[arin-ppml] On USG 'granting of rights' (was: ARIN-PPML 2015-2)
mike at iptrading.com
Wed Jun 3 16:05:02 EDT 2015
The point remains. You could have argued that no transfer could happen without ARIN approval.
But you didn't, instead you had negotiated language added to the sales order which was legally passive and basically dealt with buyer recitals.
Why would Nortel object? They got their money.
Why would Microsoft object? They got their addresses.
But why would ARIN twist itself in knots instead of staking their legal claim at that point?
Still no word on the queer justification coincidence? Remember that the addresses were still in use by Nortel at the time of sale and 198,000 of them wouldn't be available until various times in the future, not to go past January 31st, 2012?
How can you stand by that justification, especially since Microsoft didn't even advertise the majority of the purchased addresses for a year afterwards?
This is what we mean by evidence that ARIN does not truly seek a legal precedent be set on this matter.
And this begs the question of your assertion that ARIN "provides" the rights to the address blocks in your conversation with David Conrad.
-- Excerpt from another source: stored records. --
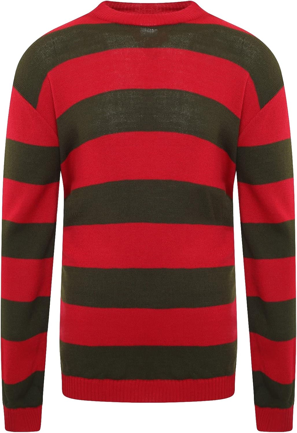 Girlzwalk Kids Unisex Winter Striped Halloween Knitted Jumper 3-13 Years, Brown Hat and Fingerless Deluxe Plastic Glove
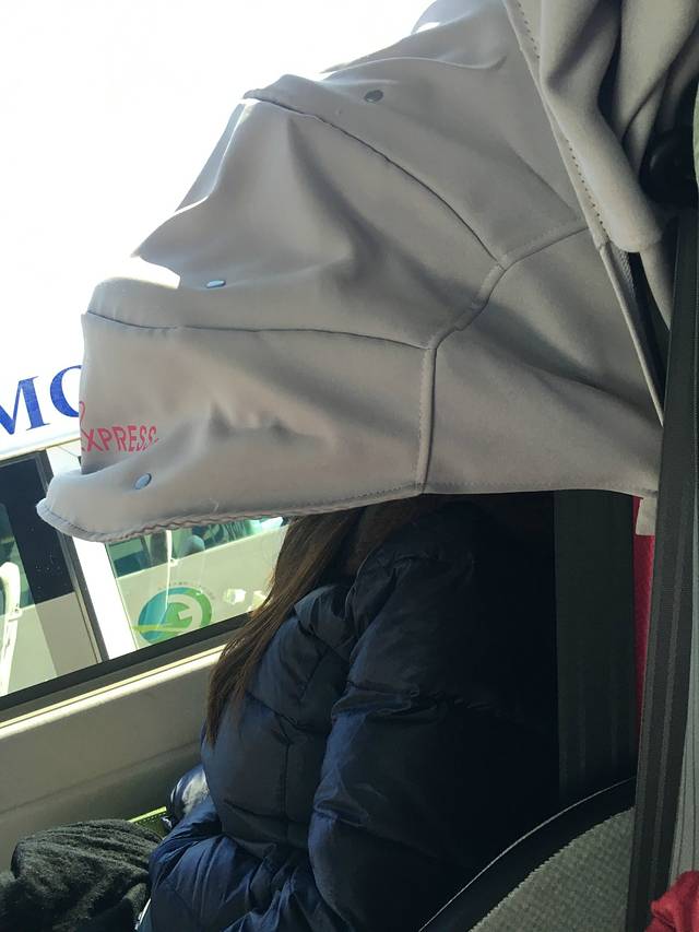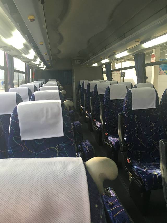 又跑回来找工作人员,售票处换了个男的,说明了情况,然后要我当场付款。妈的,能当场付款还要我去全家?还电脑上注册?骗会员啊这是。当时离发车还有8分钟,拿了票就去外面找到大巴坐上去了。每个座位都是婴儿车一样的。车上没有卫生间,所以中途会停一次。
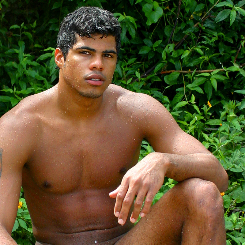 Two Brazilian nudes posing at jungle’s edge.
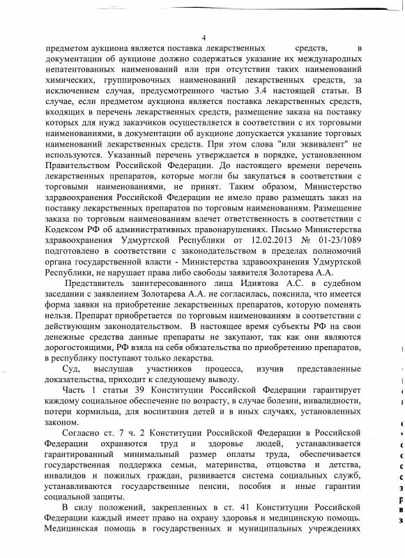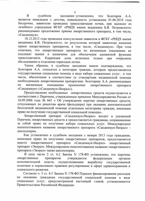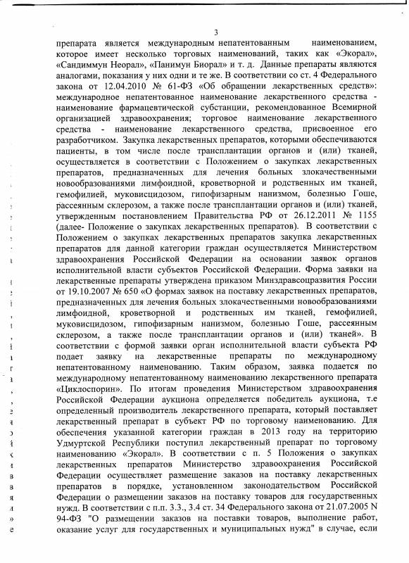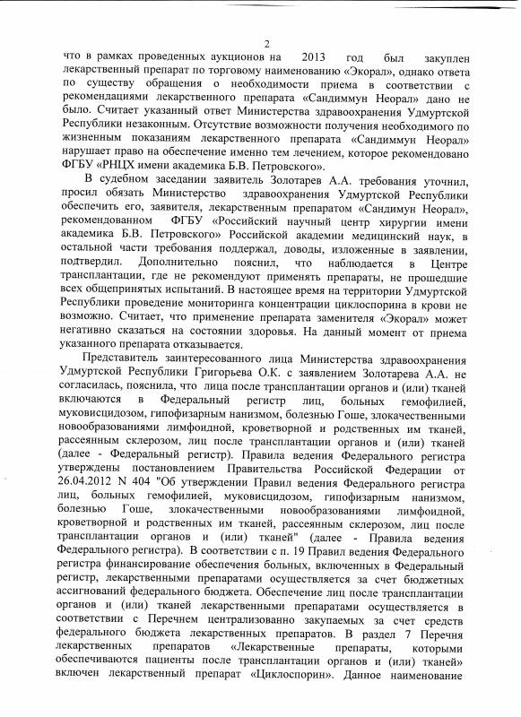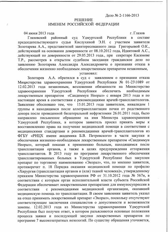 ЗАЯВЛЕНИЕ о признании незаконным отказа в обеспечении жизненно необходимым лекарственным препаратом (в порядке главы 25 ГПК РФ) В соответствии с пунктом 14 Постановления Пленума Верховного Суда РФ от 10.02.2009 №2 «О практике рассмотрения судами дел об оспаривании решений действий (бездействия) органов государственной власти, органов местного самоуправления, должностных лиц, государственных и муниципальных служащих», частью 2 статьи 254 ГПК РФ заявление подается по месту жительства истца. 15 января 2013 года мной, Золотаревым Александром Александровичем, инвалидом _____ группы и находящимся после аллотрансплантации почки от родственного донора после проведенной билатеральной нефрэктомии 26 января 2011 года, было направлено письменное обращение на имя министра здравоохранения Удмуртской Республики Музлова Владимира Михайловича, в котором я просил принять меры к восстановлению моего права на получение медицинской помощи в соответствии с медицинскими стандартами и рекомендациями врачей-трансплантологов из ФГБУ «РНЦХ имени академика Б.В.Петровского», в части закупки и обеспечения меня жизненно необходимым лекарственным препаратом «Сандиммун Неорал». Данный лекарственный препарат показан к применению больным, находящимся после трансплантации органов, а также в целях предупреждения отторжения трансплантатов. В 2013 году по программе лекарственного обеспечения трансплантированных больных (Далее – «Программа 7 высокозатратных нозологий») в Удмуртской Республике был закуплен препарат по торговому наименованию «Экорал». Считаю, что это противоречит пункту 18 Порядка оказания медицинской помощи по профилю «Хирургия (трансплантация органов и (или) тканей человека)», утвержденному Приказом Министерства здравоохранения РФ от 31.10.2012 года №567н. В соответствии с данным положением, орган исполнительной власти субъекта Российской Федерации обеспечивает лекарственными препаратами для иммуносупрессии в соответствии с рекомендациями медицинской организации, оказавшей медицинскую помощь по трансплантации. В своем обращении, а также в амбулаторной карточке, оформленной в БУЗ УР «Первая РКБ МЗ УР», я указал на зафиксированные мной письменные отказы принимать лекарственный препарат Экорал», поскольку отсутствуют соответствующие заключения специалистов о допустимости и возможности замены. Имеются соответствующие записи в амбулаторной карточке от 14 января и 7 февраля 2013 года. 12 февраля 2013 года был получен ответ на мое обращение из Министерства здравоохранения Удмуртской Республики, в котором подробно разъясняются основные положения процесса заявки и последующей закупки лекарственных препаратов по Программе 7 высокозатратных нозологий. По существу моего обращения уточняется, что в рамках проведенных аукционов на 2013 год был закуплен лекарственный препарат по торговому наименованию «Экорал». Однако, ответа по существу обращения о необходимости приема в соответствии с рекомендациями лекарственного препарата сандимон-неорал, в ответе министерства здравоохранения Удмуртской республики так и не дано. Считаю, что указанный ответ Министерства здравоохранения Удмуртской Республики нарушил мое право и является незаконным по следующим основаниям. Согласно статье 41 Конституции Российской Федерации каждый имеет право на охрану зд
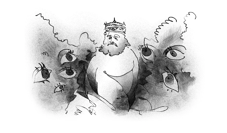 그림은 동화 속에 나오는 벌거벗은 임금님을 통해
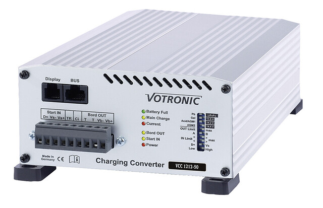 VOTRONIC Lade-Wandler, die die Bordbatterie schnell und batterieschonend gemäß den Vorgaben der Batterie-Hersteller laden. Selbst bei kurzen Fahrten wird Batterie mit vollem Ladestrom geladen.
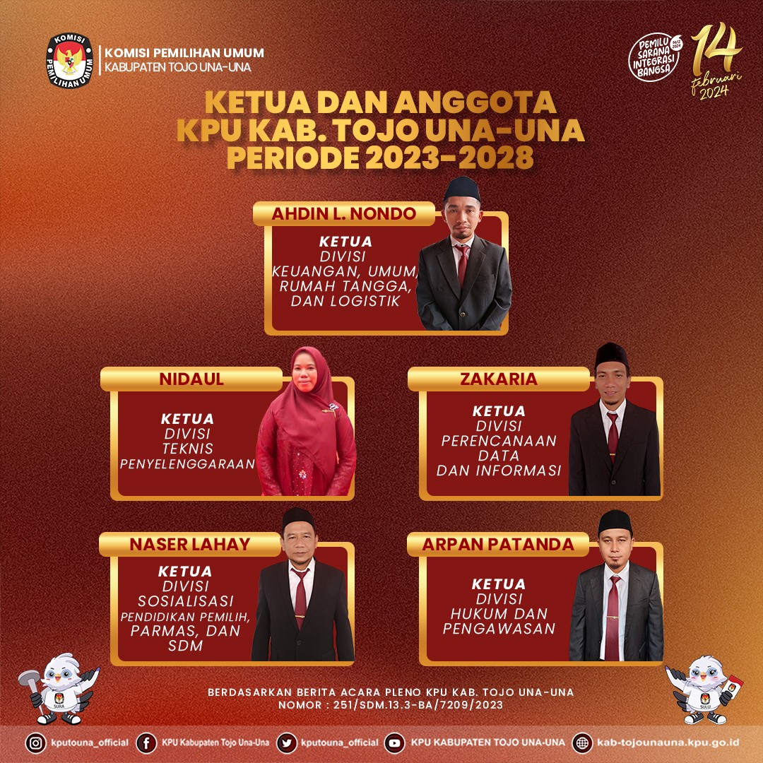 Bertindak sebagai Inspektur Upacara Ketua KPU Kab. Tojo Una-Una, Ahdin L. Nondo. Hadir mengikuti Upacara Anggota KPU Kab. Tojo Una-Una Divisi Hukum dan Pengawasan, Arpan Patanda, Anggota KPU Kab. Tojo Una-Una Divisi Sosdiklih, Parmas dan SDM, Naser Lahay, Anggota KPU. Kab. Tojo Una-Una Divisi Teknis Penyelenggaraan, Nidaul, Anggota KPU Kab. Tojo Una-Una Divisi Perencanaan, Data dan Informasi, Zakaria, Sekretaris KPU Kab. Tojo Una-Una, Moh. Fitra Akbar beserta jajaran Kasubag, ASN dan seluruh PPNPN Pegawai Sekretariat KPU Kab. Tojo Una-Una.

If that were the case, why does ARIN kowtow to legal requirements (a la the L/RSA for Microsoft and other changes you make to comport with bankruptcy requirements) instead of telling the judge to stuff it because ARIN policy defines address holder rights and registry will only be changed by policy?
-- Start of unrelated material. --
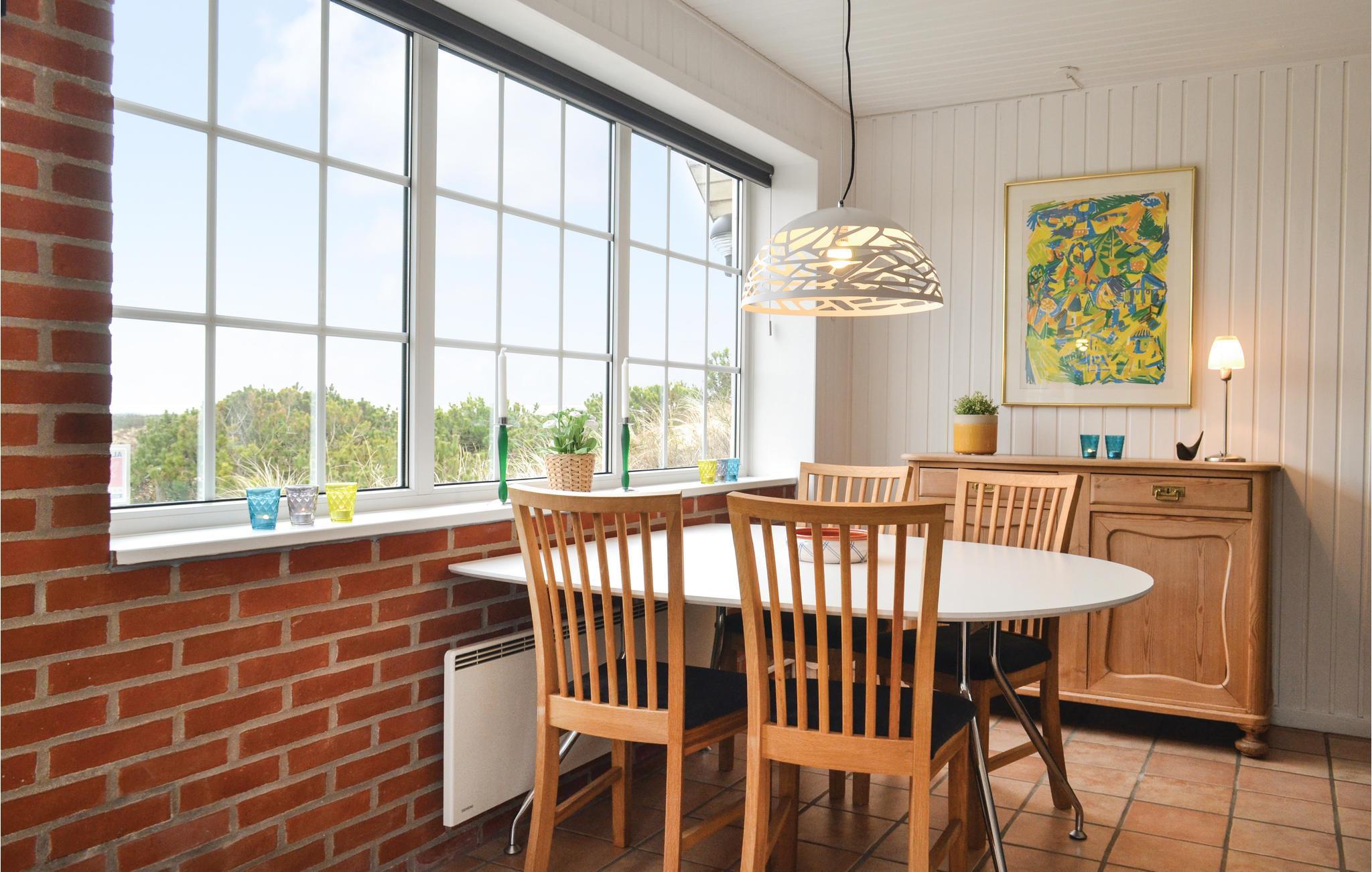 Charmerende sommerhus beliggende på toppen af en klit med en fantastisk udsigt over Ringkøbing Fjord. Nyd morgenkaffen og solopgangen fra den skønne spisekrog - udsigten bliver ikke bedre. Huset er lyst og hyggeligt indrettet med køkken og stue i sammenhæng med hinanden, her nydes gode måltider eller afslapning foran pejsens knitren. De to dejlige soveværelser er hyggeligt indrettet og i badeværelset er vaskemaskinen installeret. Desuden et ekstra lille depotrum til fodtøj og overtøj. Sommerdagene nydes fra terrassen, hvor der er en forrygende udsigt over fjorden, klitter og landskabet. Huset ligger på en klittop, og I skal via en trappe, for at komme op til huset - bilen kan parkeres nedenfor trappen.
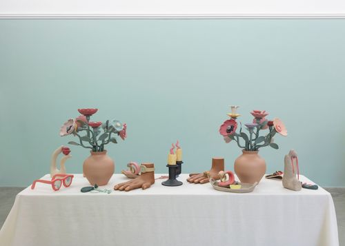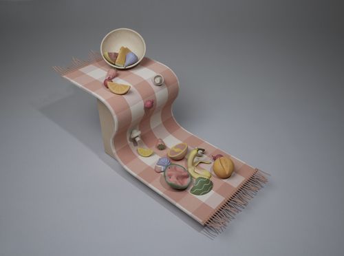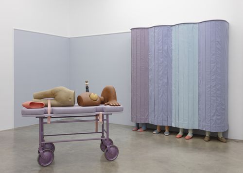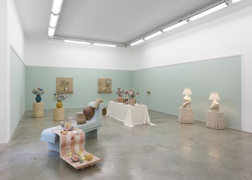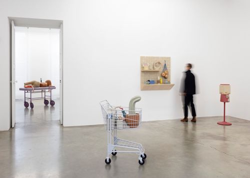 three linked mise-en-scènes—a closeout sale, banquet hall,

It seems there are these legal rights that exist outside the ARIN registry system, in particular legacy legal rights which remain untested in court.
From: John Curran [mailto:jcurran at arin.net]
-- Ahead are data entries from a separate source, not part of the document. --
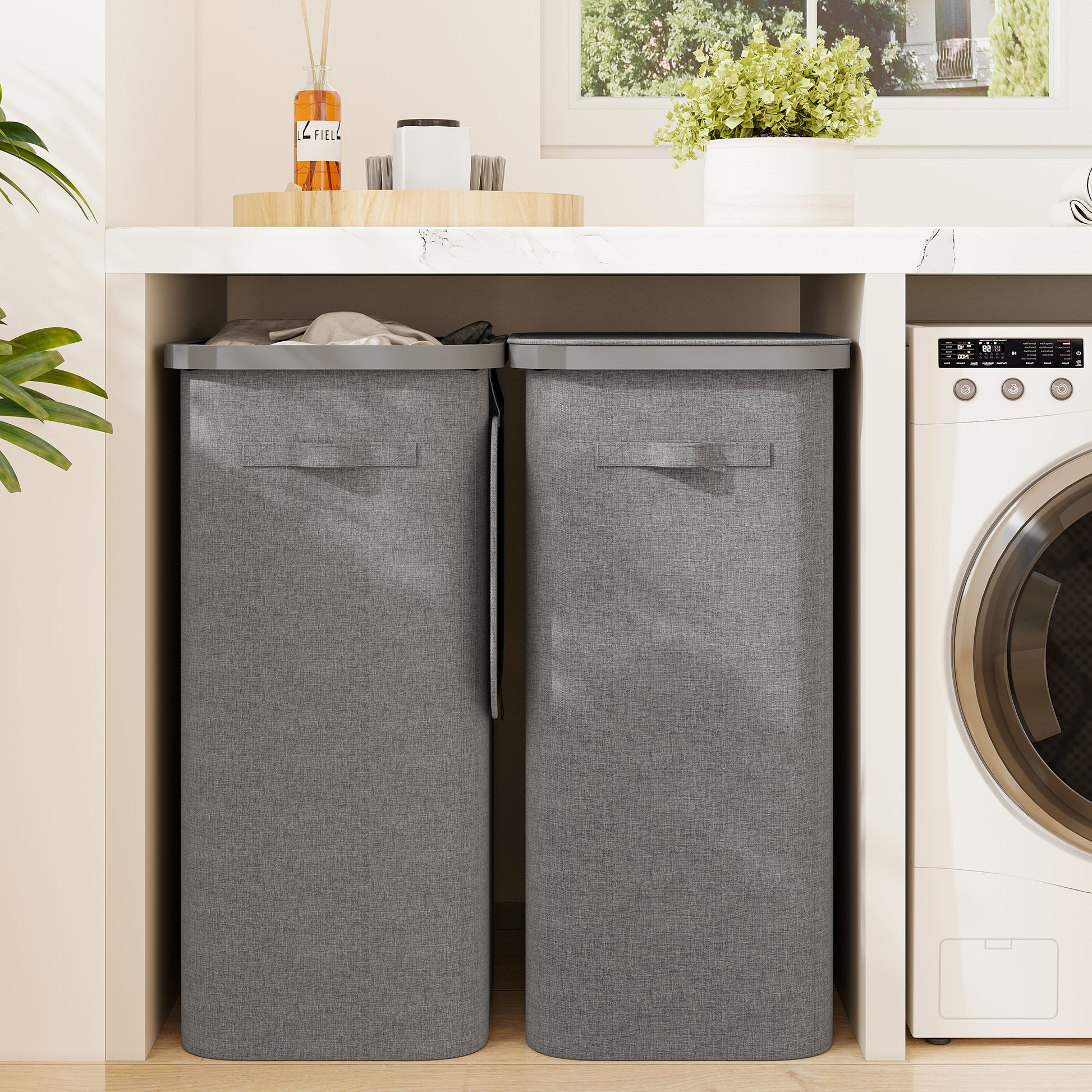 BGTREND 2PCS Slim Laundry Hamper with Lid 110L Foldable Clothes Basket with Removable Mesh Bag & Handle for Closet Bathroom Bedroom (Gray)
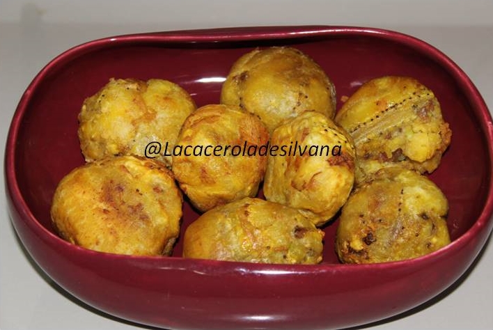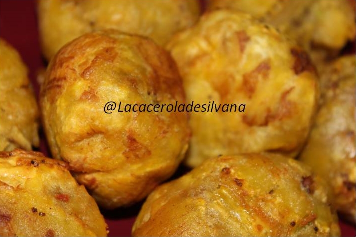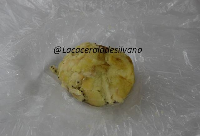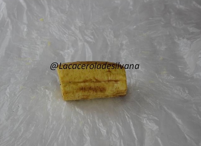 Se envuelve el platano y se le da forma de bolita o circular y debe quedar como les muestro en la imagen.
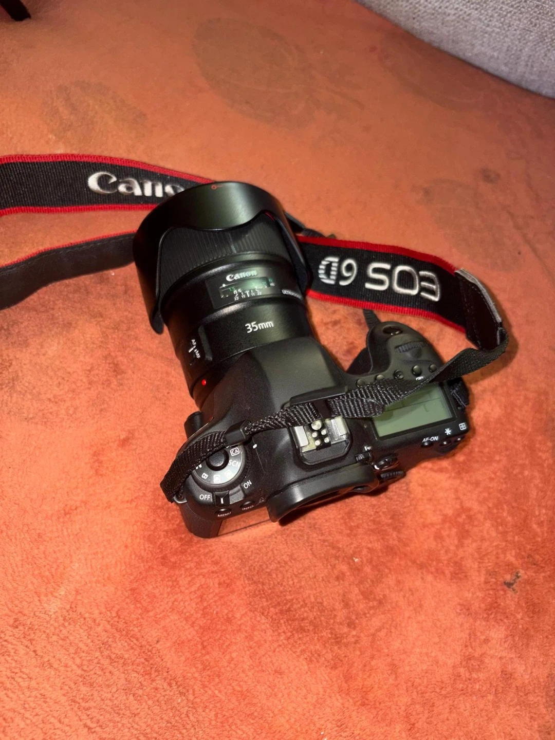 Selling a Canon EOS 6D camera, complete with a 35mm lens and a 135mm lens. Also included are a camera strap, battery charger, small tripod and camera bag. Great setup for photography enthusiasts! Canon EOS 6D camera in excellent condition.

Sent: Wednesday, June 03, 2015 3:34 PM
To: Mike Burns
Cc: arin-ppml at arin.net
Subject: Re: [arin-ppml] On USG 'granting of rights' (was: ARIN-PPML 2015-2)
On Jun 3, 2015, at 3:02 PM, Mike Burns <mike at iptrading.com> wrote:
> My recollection is not off and my statement stands. The judge, after
> consulting with counsel for Nortel on the issue, issued a motion for
> the auction to commence in which he found that Nortel had the
> exclusive right to transfer the addresses. Otherwise he couldn't
> really sell them in bankruptcy court.
ARIN wouldn’t argue that Nortel as "the party with the exclusive right to sell the addresses"; in fact, that right is specifically provided for all address holders
in the L/RSA agreements. The filing in the matter for the auction did not inform
the judge of the nature of the registry system, nor did it seek an order to sell the
addresses, only permission to hold an auction. It was only when they filed to
actually complete the sale that ARIN was notified.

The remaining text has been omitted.